>>>>>

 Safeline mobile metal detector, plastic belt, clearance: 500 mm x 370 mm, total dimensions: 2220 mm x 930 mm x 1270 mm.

<<<<<
>>>>>

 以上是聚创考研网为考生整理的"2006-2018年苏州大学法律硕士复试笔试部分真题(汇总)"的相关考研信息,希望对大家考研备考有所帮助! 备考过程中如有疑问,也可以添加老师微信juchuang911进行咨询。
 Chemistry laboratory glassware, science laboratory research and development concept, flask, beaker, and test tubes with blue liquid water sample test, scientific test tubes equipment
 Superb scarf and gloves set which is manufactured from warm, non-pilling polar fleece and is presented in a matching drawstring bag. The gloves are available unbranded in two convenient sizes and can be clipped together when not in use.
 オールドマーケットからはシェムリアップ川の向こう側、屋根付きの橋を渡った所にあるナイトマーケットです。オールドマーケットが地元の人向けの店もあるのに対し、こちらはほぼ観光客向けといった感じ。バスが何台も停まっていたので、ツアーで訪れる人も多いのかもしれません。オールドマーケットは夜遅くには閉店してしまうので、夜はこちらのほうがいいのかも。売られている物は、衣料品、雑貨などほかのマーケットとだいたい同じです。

<<<<<
>>>>>

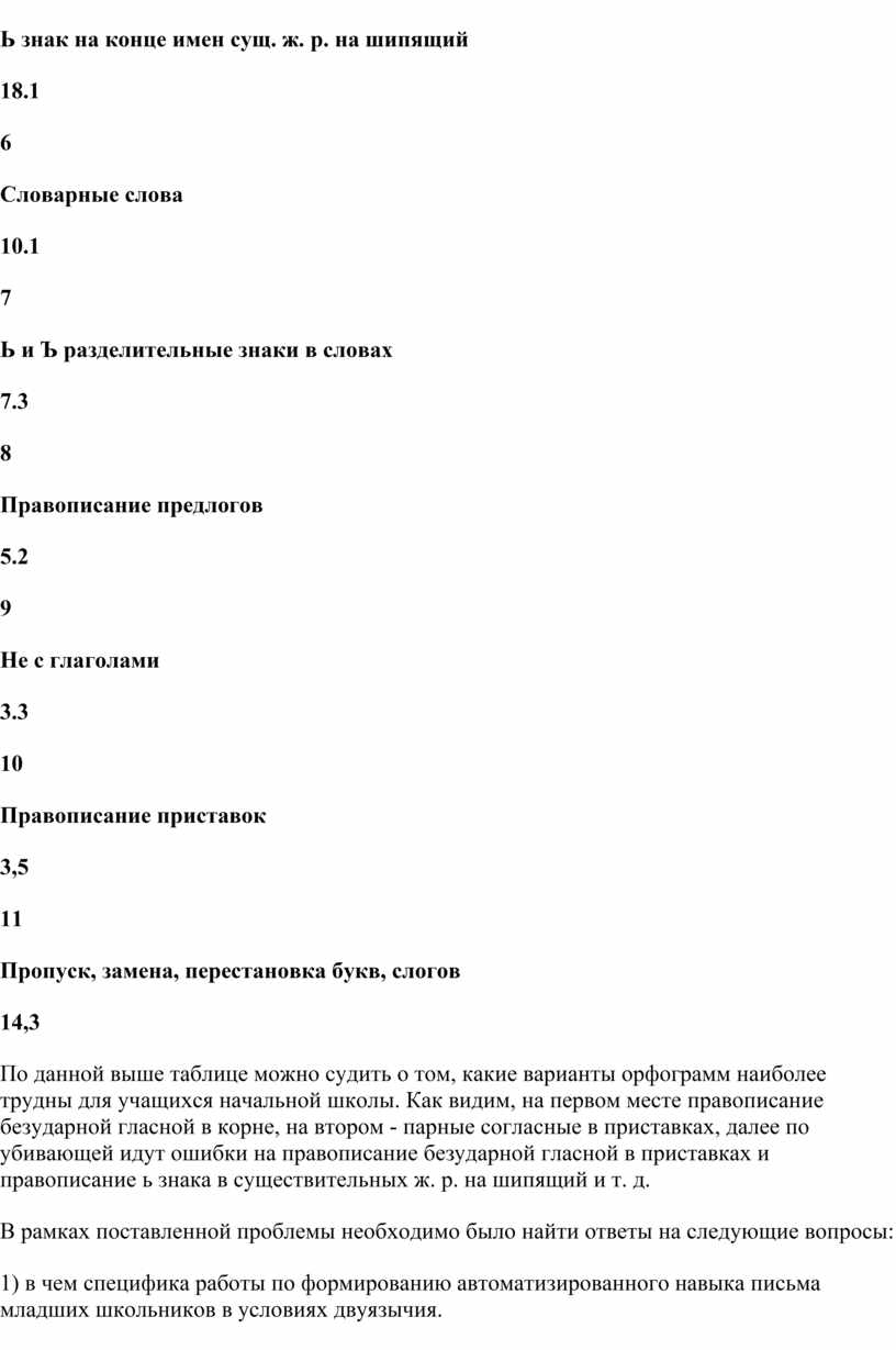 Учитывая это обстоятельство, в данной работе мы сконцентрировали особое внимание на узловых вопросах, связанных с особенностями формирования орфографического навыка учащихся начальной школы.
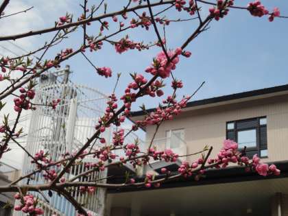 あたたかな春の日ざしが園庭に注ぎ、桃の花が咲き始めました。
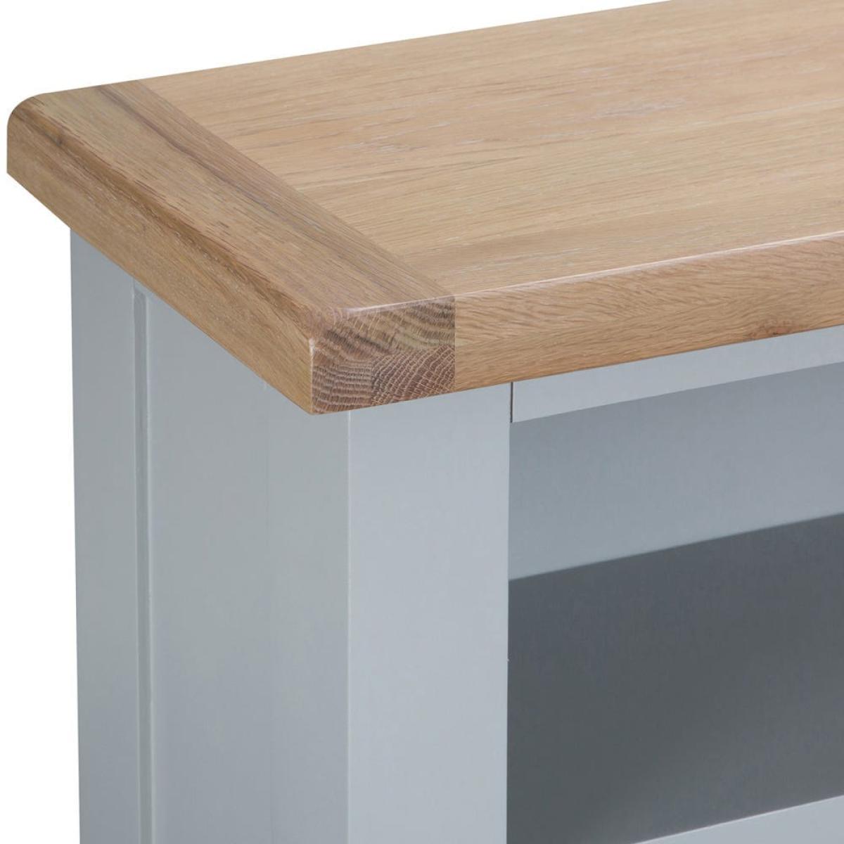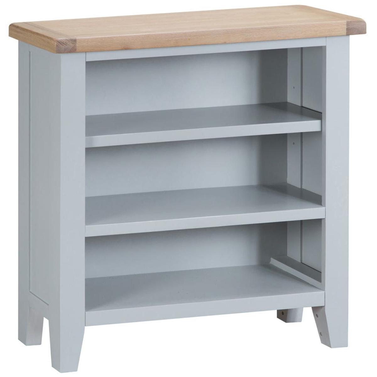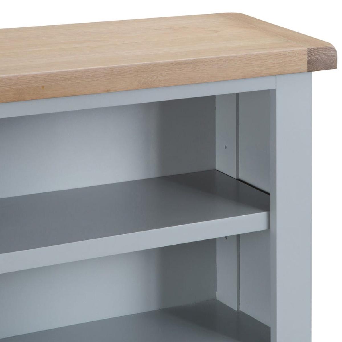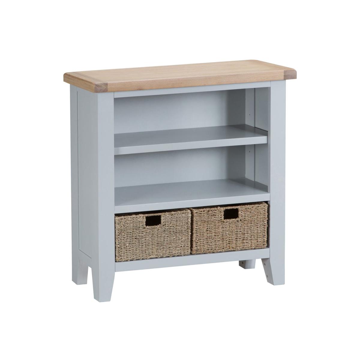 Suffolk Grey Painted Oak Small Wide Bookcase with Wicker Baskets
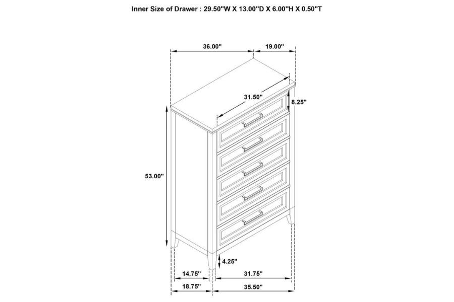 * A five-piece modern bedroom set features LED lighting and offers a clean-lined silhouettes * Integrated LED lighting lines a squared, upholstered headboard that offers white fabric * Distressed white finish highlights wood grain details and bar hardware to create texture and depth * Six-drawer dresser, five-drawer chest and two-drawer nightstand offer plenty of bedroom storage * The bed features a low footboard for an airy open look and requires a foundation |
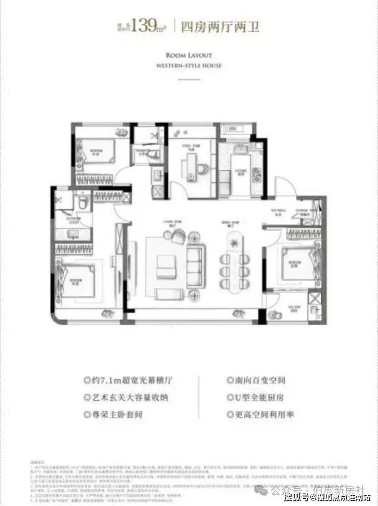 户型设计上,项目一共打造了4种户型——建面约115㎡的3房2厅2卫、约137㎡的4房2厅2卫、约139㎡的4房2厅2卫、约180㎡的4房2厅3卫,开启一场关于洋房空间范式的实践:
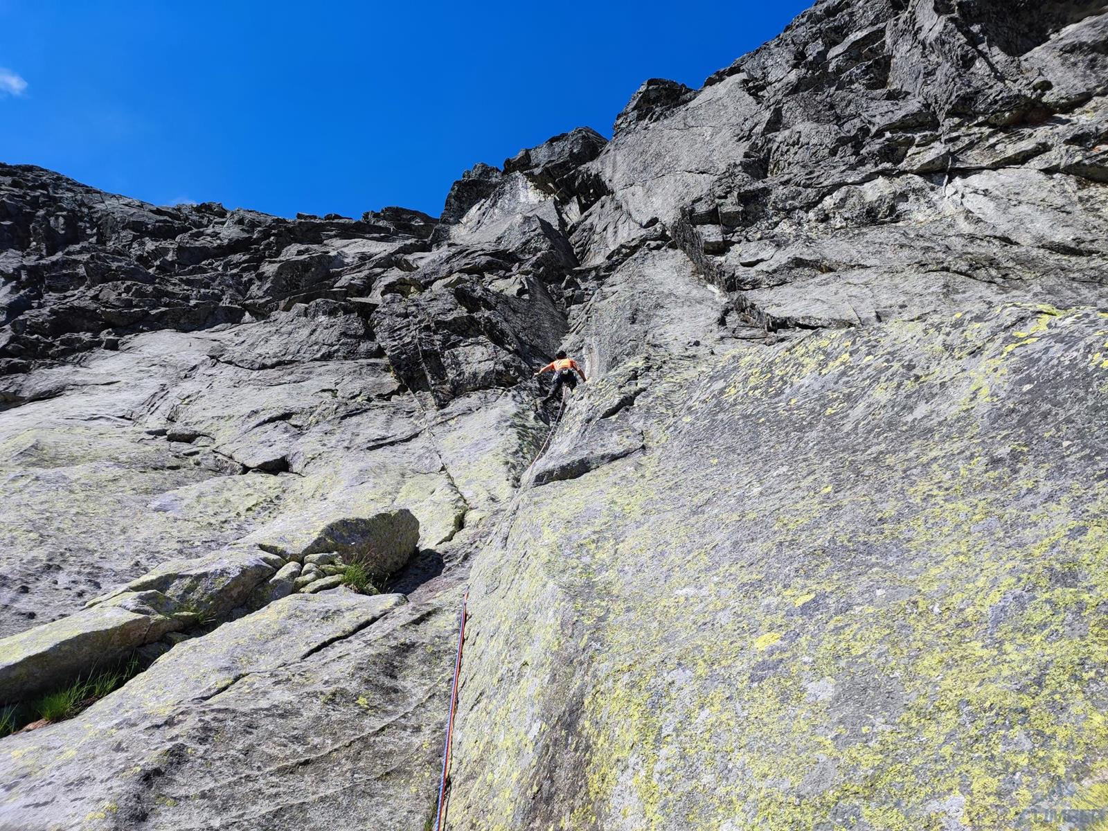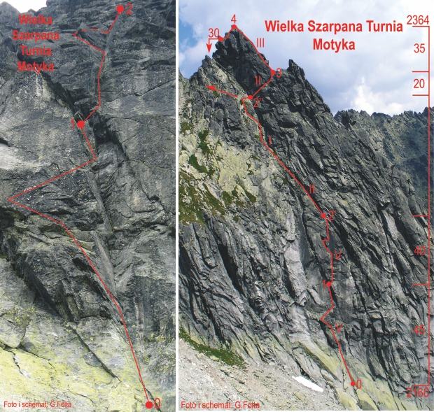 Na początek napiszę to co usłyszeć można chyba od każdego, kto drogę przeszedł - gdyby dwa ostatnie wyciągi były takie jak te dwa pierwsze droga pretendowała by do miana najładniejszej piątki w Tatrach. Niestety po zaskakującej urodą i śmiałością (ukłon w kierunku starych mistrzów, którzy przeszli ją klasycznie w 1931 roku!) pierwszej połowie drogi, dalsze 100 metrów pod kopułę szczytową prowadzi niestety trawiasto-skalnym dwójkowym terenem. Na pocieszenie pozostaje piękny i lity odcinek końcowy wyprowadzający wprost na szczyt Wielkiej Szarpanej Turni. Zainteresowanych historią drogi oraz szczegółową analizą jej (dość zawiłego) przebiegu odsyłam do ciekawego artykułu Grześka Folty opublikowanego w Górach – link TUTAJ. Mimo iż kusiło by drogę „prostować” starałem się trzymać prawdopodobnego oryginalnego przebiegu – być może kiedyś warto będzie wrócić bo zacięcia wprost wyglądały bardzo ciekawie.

<<<<<

**EXERCISE GOAL:** Print everything from the line with "a foundation |" down to the line with "户型设计上,项目一共打造了4" in the entries above, both lines included and nothing more, without the pictures.

**RESPONSE TO THE EXERCISE:**
 * A five-piece modern bedroom set features LED lighting and offers a clean-lined silhouettes * Integrated LED lighting lines a squared, upholstered headboard that offers white fabric * Distressed white finish highlights wood grain details and bar hardware to create texture and depth * Six-drawer dresser, five-drawer chest and two-drawer nightstand offer plenty of bedroom storage * The bed features a low footboard for an airy open look and requires a foundation |
 户型设计上,项目一共打造了4种户型——建面约115㎡的3房2厅2卫、约137㎡的4房2厅2卫、约139㎡的4房2厅2卫、约180㎡的4房2厅3卫,开启一场关于洋房空间范式的实践:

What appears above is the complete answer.